Grow plants such as daffodils that are less attractive to voles than preferred plants such as tulips.
The safety of voles is jeopardized when they can be seen in the open. Weed-free buffer zones as much as 10 feet wide around areas requiring protection make it difficult for voles to cross the open strip into the garden. While wide buffer zones are most effective, even cleared spaces as narrow as 10”-15” can inhibit their movements.
Protect your trees and plants with hardware cloth.
If voles are gnawing on saplings, 1⁄4-inch mesh or hardware cloth can be wrapped around tree trunks, buried 6-8 inches deep, and bent outward at a 90° angle underground. Quarter-inch or 1⁄2” hardware cloth can be laid on the ground after planting vegetable and flower seeds. As the plants grow through the mesh the voles will be blocked from reaching roots and tubers.
Repellents chase voles away.
Protect flower bulbs by soaking them in repellents, such as Shotgun Deer and Rabbit Repellent, that contain thiram, a bittering agent. If you use a repellent on a food crop, make sure that the label says it is safe to use on food crops.
Other repellents such as Plantskyyd and hot pepper sauce containing capsaicin can be applied to plants according to the label’s directions. They will need to be re-applied periodically. Other repellents that have been used with some success are castor oil spray and spikes that emit sound inserted into the ground.
Sharp materials such as diatomaceous earth, Soil Protector, and coarse gravel, dug into the soil around a flower bed or sprinkled on vole runs, is abrasive to voles’ touch, encouraging them to leave.
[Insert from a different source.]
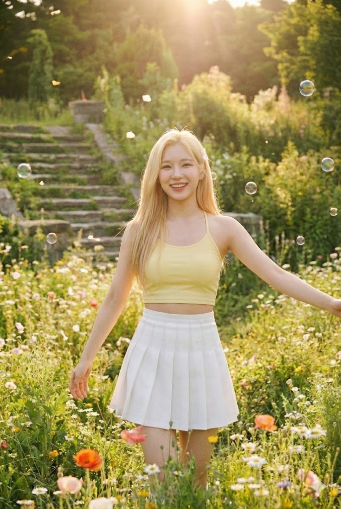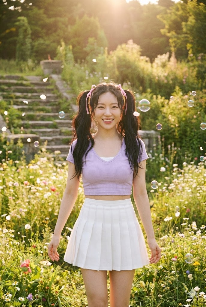 도착한 곳은 '노베라 랜드(NoVeRa Land)'. 이곳은 현실의 물리 법칙이 무시되는 유토피아다. 하늘에는 두 개의 달이 뜨고, 꽃들은 영원히 시들지 않으며, 멤버들은 화려한 드레스를 입고 끝없는 티파티를 즐긴다. 한국 정규 1집 [Into The Novel] 데뷔곡 'First Page'는 이러한 새로운 세상에 눈을 뜬 소녀들의 벅찬 감정을 노래한다. "새하얀 종이 위에 우릴 그려봐", "잉크처럼 번지는 너의 향기" 같은 가사는 표면적으로는 사랑 노래처럼 들리지만, 심층적으로는 자신들의 운명을 누군가(작가 혹은 독자)에게 온전히 맡기겠다는 수동적인 태도를 암시한다. 멤버들은 아직 자신들이 창작물이 되었다는 사실을 인지하지 못한 채, 주어진 캐릭터로서의 삶을 즐겁게 받아들인다. 특히 라리타는 이 세계의 안내자 역할을 자처하며 멤버들을 이끄는데, 그녀의 해맑은 미소는 역설적으로 이 세계의 비현실성을 강조하는 장치가 된다.

One garden advisor recommends sprinkling diatomaceous earth and Bon Ami cleansing powder around trees and shrubs, and applying it in combination with one’s lawn food. He suggests sprinkling Bon Ami alone into planting holes.
Use traps only as last resort—be patient and try everything else first.
Humane Havahart traps baited with a mix of oatmeal or peanut butter can catch voles alive. Release them unharmed, without touching them, on your own property in a shrubby area away from your protected garden area. Be careful and gentle with them, as they will need to be in good condition when starting their new life away from your favorite garden area. Live traps can also catch other wildlife that you will need to release. Live traps should only be used as a last resort.
Glue traps and sticky substances that trap wildlife when they touch or step on them should never be used. They cause great suffering and death to many species of wildlife, including birds, and even domestic pets.
It is best to take preventive measures, especially habitat modification (which is surprisingly effective) before an upsurge in vole numbers occurs. Habitat modification is within your control. A cyclical increase in vole numbers due mainly to climate conditions is not within your control. Try a combination of the suggestions above for best results, and keep in mind that next year may be a down year in the cycle of vole population numbers. There may be many fewer voles in your garden—naturally.